Photoshop provides a very quick and easy way to make a temporary mask that can, in fact, be edited. It's called Quick Mask, and one of its advantages is that you can see both the image and the mask at the same time. You can start with a selected area and use the painting tools to add to it or take away from it, or you can create the mask entirely in Quick Mask mode. Let's apply a Quick Mask to an image.

Try it Yourself

Create a Quick Mask

Quick Masks are a great time-saver, as you'll soon see. Follow along to try them.

Find a photo with a subject who stands out against the background. Using whatever selection tool seems appropriate, select the part of the image you want to change—in this case, the background. It's okay if your selection isn't perfect. (Don't forget that you can select the object, and then invert the selection, if that's the easiest way.)

Click the Quick Mask Mode button in the toolbox.

You see a color overlay indicating the mask on the protected area, which is to say, the area not selected. If you compare Figure 12.3 to the first picture of the lighthouse, you can see that the mask has covered the trees and structure with a red layer. Of course, it looks like gray in the picture. (By default, the mask is 50% opaque red, imitating a piece of the rubylith film that artists use to mask photos for retouching. If you have a red object or red background that you are masking, you can change the mask's color by double-clicking the Quick Mask Mode button and using the Quick Mask Options dialog box to select a contrasting color.)
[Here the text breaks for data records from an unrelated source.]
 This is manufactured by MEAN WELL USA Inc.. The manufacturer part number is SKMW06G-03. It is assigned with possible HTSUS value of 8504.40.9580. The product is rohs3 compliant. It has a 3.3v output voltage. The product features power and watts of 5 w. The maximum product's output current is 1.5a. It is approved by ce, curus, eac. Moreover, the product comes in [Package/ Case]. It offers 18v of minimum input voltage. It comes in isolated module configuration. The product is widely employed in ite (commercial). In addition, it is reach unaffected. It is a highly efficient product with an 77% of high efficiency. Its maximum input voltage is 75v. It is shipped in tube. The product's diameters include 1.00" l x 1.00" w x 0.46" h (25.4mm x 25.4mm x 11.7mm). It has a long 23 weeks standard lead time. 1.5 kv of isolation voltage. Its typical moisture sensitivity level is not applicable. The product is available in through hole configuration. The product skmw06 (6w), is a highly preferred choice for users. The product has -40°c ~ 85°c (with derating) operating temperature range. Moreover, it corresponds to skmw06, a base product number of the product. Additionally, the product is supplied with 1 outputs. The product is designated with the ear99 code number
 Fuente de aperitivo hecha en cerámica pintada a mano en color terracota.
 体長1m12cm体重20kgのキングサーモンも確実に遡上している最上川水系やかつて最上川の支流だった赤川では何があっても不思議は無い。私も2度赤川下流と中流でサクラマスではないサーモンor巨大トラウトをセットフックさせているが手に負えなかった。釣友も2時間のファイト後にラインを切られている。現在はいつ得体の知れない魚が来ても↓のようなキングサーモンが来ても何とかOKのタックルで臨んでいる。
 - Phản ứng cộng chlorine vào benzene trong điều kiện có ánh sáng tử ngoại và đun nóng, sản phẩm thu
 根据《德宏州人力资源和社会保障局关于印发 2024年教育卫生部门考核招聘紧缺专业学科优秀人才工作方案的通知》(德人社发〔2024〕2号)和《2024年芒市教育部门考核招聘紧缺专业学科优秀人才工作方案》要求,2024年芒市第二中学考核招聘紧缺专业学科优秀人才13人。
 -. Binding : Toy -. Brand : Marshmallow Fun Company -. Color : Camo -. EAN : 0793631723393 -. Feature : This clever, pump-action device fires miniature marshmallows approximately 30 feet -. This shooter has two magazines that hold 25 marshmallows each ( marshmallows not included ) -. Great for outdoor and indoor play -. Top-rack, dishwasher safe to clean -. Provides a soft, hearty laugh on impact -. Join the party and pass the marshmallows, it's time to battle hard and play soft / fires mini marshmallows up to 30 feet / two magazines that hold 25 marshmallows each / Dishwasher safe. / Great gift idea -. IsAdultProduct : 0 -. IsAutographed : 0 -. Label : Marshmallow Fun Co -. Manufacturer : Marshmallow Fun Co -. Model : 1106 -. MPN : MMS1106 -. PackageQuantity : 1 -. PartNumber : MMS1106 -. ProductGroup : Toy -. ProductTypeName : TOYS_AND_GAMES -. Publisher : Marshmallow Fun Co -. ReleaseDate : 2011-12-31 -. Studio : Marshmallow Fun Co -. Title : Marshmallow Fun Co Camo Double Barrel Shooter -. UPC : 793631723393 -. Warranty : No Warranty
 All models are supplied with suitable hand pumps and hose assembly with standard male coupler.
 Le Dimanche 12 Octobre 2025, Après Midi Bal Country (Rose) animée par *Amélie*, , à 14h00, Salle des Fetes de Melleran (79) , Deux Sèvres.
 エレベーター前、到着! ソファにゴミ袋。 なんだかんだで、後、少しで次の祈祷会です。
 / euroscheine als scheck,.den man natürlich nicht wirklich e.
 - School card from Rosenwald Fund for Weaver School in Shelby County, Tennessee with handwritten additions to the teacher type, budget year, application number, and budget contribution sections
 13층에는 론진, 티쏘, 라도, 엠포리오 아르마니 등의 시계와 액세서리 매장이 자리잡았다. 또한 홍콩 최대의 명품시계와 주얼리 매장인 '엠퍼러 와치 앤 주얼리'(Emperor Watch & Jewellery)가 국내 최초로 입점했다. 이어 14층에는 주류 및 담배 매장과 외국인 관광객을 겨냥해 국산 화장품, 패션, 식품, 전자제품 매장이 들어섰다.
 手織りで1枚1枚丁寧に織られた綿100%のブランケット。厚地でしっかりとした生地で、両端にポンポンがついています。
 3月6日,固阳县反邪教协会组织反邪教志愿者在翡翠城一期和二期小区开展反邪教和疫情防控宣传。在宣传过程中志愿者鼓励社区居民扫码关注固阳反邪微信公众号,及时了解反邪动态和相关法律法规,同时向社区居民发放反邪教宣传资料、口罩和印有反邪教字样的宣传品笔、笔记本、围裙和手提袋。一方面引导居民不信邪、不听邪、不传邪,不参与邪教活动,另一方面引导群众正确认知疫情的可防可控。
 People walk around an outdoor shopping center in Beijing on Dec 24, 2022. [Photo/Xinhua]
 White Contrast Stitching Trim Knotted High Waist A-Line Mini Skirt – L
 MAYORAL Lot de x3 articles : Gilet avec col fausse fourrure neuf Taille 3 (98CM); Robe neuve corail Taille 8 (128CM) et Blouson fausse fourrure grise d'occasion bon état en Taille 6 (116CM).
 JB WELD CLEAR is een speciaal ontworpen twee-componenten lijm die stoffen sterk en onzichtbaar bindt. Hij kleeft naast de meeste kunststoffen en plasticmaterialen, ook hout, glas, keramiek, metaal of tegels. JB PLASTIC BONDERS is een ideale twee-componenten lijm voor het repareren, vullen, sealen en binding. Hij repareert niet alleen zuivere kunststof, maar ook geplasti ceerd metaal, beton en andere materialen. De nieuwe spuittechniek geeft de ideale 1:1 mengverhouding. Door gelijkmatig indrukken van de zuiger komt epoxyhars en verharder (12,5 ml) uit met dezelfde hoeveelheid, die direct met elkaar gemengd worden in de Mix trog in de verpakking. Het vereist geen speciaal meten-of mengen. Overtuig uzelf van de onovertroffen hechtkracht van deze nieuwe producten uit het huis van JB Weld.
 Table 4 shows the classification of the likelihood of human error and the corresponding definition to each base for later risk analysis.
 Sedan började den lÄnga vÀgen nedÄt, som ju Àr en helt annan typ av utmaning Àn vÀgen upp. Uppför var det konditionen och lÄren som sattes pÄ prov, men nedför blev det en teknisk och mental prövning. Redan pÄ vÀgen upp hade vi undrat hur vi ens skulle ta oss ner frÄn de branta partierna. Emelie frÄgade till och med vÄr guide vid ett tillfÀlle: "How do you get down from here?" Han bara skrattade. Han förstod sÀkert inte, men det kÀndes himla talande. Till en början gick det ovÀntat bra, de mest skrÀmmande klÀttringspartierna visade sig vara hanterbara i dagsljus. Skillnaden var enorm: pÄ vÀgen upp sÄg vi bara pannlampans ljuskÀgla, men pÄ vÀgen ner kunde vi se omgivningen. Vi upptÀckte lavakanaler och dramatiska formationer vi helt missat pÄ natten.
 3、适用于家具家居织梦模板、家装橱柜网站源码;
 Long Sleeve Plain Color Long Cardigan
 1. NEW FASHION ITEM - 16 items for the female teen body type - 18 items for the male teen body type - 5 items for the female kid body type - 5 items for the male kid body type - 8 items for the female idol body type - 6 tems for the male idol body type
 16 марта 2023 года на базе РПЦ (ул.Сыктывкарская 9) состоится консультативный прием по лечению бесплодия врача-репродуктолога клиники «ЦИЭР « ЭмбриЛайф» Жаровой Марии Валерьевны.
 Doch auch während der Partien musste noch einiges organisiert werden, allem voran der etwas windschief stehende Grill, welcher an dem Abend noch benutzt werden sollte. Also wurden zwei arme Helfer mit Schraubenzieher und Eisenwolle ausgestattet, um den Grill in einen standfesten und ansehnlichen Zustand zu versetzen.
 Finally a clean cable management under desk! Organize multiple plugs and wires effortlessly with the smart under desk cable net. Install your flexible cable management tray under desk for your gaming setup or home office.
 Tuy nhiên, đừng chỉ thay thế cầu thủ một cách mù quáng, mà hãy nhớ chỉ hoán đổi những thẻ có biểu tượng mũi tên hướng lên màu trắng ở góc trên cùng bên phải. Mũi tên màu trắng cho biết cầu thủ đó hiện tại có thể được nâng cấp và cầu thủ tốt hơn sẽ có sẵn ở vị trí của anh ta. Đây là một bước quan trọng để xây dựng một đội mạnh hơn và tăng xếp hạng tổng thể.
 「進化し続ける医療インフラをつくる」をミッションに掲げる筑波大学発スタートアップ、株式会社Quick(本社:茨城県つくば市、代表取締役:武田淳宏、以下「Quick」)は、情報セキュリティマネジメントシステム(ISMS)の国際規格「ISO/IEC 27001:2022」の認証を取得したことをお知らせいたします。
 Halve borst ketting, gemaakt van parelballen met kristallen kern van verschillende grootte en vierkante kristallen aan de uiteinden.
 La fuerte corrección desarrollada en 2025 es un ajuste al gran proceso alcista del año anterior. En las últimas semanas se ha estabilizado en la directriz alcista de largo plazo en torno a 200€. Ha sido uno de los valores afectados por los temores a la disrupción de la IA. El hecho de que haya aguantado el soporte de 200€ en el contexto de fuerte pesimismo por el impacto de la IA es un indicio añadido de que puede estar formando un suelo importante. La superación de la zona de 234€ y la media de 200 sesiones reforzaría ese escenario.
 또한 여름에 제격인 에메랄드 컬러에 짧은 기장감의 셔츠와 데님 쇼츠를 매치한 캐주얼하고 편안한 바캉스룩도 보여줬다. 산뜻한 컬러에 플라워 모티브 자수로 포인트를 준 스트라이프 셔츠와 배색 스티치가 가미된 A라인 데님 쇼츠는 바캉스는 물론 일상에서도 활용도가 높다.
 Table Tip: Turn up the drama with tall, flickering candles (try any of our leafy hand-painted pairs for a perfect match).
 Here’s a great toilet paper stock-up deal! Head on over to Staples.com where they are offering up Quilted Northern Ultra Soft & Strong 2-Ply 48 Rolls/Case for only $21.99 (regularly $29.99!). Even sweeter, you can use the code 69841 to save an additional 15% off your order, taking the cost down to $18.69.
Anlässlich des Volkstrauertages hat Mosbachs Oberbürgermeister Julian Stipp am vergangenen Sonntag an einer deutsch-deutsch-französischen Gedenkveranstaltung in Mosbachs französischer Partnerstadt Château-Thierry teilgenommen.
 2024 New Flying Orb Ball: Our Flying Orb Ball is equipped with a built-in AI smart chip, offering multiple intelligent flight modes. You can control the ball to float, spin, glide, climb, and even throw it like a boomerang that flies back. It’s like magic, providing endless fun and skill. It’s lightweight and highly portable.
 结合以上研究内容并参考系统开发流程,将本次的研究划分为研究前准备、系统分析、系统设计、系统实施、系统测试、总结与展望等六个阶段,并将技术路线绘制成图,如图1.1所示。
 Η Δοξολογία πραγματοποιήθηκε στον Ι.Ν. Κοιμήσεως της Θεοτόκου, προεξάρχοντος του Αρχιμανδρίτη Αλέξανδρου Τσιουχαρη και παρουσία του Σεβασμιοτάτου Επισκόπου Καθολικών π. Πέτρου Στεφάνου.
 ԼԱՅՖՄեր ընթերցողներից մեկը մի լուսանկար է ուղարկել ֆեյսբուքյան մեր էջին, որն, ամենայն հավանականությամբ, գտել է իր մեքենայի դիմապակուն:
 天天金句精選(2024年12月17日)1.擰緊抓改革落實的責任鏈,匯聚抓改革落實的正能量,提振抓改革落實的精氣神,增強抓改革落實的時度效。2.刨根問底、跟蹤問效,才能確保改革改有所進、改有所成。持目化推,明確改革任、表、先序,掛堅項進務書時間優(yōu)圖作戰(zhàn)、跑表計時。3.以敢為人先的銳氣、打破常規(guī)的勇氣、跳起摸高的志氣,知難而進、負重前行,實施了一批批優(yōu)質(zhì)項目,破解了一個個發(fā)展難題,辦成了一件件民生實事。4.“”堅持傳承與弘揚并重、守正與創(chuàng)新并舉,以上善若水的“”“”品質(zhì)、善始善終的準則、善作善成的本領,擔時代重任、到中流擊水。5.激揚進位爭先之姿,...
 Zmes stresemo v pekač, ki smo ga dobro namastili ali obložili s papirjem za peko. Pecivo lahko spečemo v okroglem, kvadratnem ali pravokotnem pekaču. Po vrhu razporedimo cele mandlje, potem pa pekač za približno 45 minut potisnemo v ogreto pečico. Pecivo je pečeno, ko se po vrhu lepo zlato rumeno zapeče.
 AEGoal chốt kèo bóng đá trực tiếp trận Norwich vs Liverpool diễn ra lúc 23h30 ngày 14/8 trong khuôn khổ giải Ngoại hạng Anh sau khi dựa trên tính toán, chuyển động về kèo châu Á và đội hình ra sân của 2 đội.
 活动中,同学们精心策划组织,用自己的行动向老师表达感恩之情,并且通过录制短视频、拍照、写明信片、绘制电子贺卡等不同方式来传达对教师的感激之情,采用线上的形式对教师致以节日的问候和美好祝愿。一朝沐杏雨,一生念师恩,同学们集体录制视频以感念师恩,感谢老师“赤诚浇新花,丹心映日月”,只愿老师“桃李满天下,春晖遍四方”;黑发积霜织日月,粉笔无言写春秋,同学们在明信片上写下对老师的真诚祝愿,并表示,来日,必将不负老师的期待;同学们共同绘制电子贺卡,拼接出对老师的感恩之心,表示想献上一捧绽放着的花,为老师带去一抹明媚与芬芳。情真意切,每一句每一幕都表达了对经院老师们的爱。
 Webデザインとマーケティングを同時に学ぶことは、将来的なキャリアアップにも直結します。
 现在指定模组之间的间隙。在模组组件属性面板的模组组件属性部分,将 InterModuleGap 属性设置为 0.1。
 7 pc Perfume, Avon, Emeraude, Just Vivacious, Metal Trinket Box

Figure 12.3. Clicking the Quick Mask Mode button masks the area not selected.

If the mask needs editing, as this one does, click the Brush tool, or press B to activate it, and select an appropriate brush size from the Brushes palette. You can use any of the painting tools or selection tools to work on a mask.

Because masks are essentially grayscale images, painting with black adds to the mask. Painting with white (or erasing) takes it away. Painting with gray gives you a semitransparent mask. You will notice that the foreground and background colors change to black and white when you enter Quick Mask mode. (If, for some reason, they didn't, press D for Default.) Figure 12.4 shows the edited mask.

Figure 12.4. he mask, touched up and ready to use.

When the mask is edited to your satisfaction, click the Standard Mode button in the toolbox (to the left of the Quick Mask Mode button) to return to your original image. The unprotected area (in this case, the background) is surrounded by a selection marquee (see Figure 12.5). Now you can apply any change you want to make to this area without affecting the lighthouse.

Figure 12.5. Here the Render→Clouds filter has been applied to beef up the sky.

You can try other ways of changing the sky, such as increasing the saturation or spraying on some transparent color over the clouds; this was a quick and easy fix.